Beginning with the line that contains "23.(18分)质量为M的滑" and ending with the line that contains "En este caso", reproduce the lines of the entries below exactly, omitting pictures.

***** Dataset entries *****

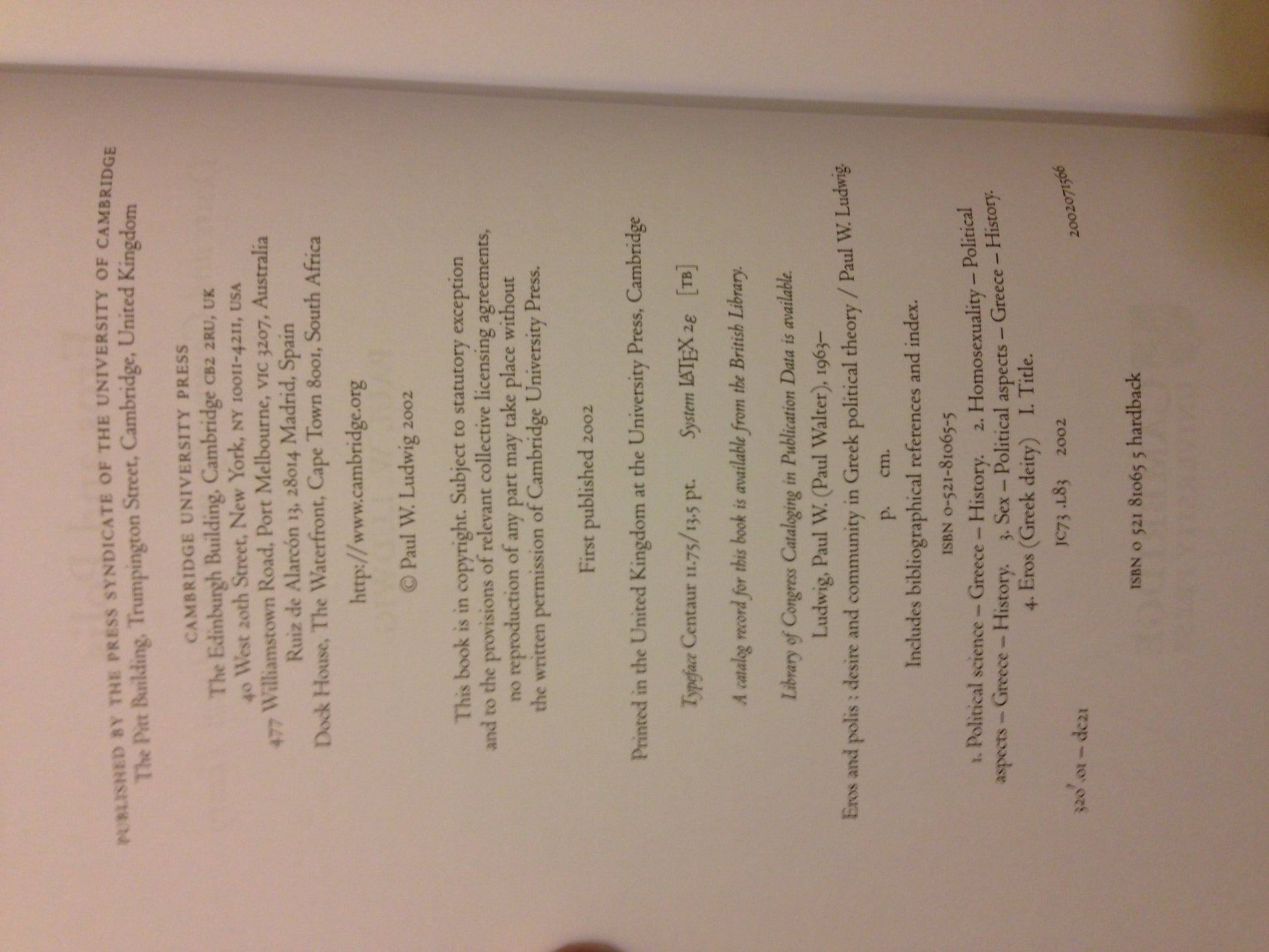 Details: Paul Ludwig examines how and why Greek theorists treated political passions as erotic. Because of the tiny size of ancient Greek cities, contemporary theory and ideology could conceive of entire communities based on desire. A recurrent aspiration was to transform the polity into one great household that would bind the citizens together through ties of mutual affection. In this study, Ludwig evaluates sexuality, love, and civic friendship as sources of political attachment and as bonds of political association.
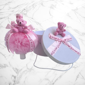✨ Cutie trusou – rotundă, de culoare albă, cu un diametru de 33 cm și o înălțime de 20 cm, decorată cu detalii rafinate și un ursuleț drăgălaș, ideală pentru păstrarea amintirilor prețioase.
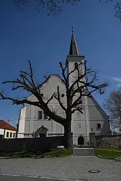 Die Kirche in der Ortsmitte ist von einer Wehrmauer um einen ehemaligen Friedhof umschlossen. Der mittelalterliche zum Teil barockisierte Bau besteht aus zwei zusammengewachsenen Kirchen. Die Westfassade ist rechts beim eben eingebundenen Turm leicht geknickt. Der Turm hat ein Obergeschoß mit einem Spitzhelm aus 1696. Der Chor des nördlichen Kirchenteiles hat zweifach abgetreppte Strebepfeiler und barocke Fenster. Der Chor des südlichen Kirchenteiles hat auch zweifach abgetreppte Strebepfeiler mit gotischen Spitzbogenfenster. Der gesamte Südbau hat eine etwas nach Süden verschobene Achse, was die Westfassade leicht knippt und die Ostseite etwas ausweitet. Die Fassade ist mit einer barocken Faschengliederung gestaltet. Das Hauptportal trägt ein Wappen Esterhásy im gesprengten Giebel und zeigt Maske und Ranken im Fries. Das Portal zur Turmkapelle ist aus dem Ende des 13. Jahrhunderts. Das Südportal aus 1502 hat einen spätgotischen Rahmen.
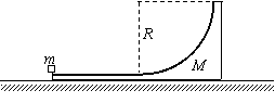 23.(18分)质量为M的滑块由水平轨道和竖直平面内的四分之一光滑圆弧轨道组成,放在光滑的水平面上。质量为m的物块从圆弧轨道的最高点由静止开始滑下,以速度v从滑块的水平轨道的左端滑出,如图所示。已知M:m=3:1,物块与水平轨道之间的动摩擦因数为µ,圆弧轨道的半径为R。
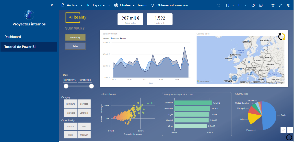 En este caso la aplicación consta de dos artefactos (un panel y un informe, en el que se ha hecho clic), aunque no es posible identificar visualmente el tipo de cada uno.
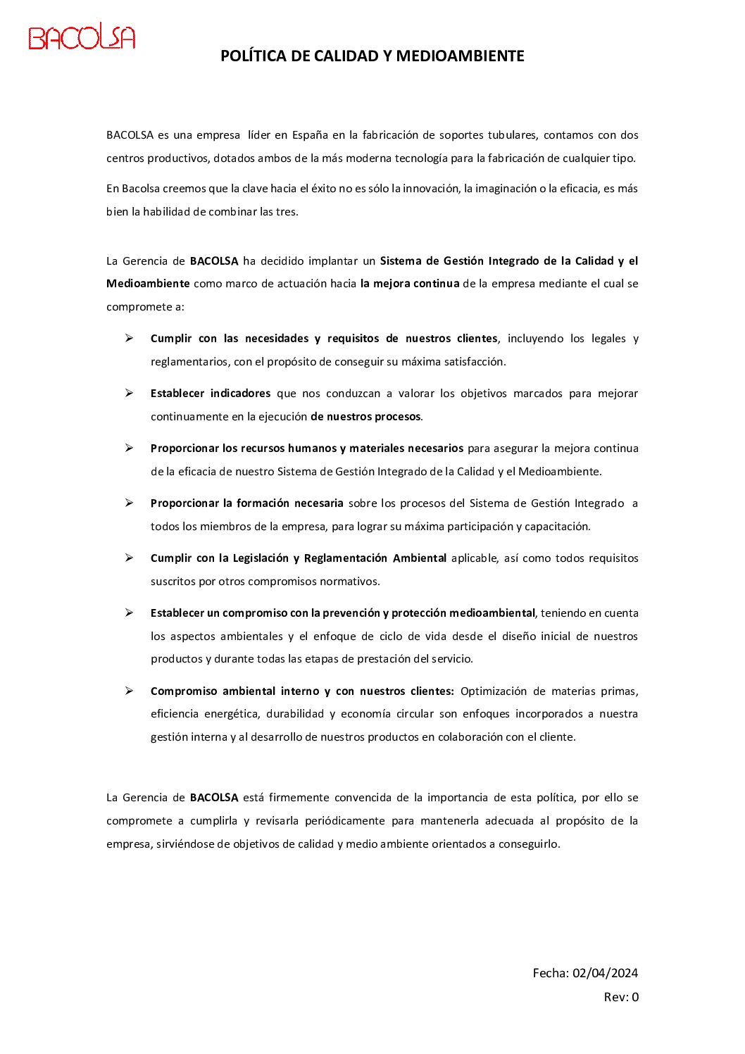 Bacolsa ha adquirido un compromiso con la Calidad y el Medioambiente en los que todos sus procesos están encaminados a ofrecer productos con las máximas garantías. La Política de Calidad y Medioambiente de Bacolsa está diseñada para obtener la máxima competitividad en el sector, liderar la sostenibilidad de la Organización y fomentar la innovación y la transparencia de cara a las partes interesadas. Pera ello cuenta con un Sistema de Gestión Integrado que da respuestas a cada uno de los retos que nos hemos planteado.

*****

Result for this exercise |
 23.(18分)质量为M的滑块由水平轨道和竖直平面内的四分之一光滑圆弧轨道组成,放在光滑的水平面上。质量为m的物块从圆弧轨道的最高点由静止开始滑下,以速度v从滑块的水平轨道的左端滑出,如图所示。已知M:m=3:1,物块与水平轨道之间的动摩擦因数为µ,圆弧轨道的半径为R。
 En este caso la aplicación consta de dos artefactos (un panel y un informe, en el que se ha hecho clic), aunque no es posible identificar visualmente el tipo de cada uno.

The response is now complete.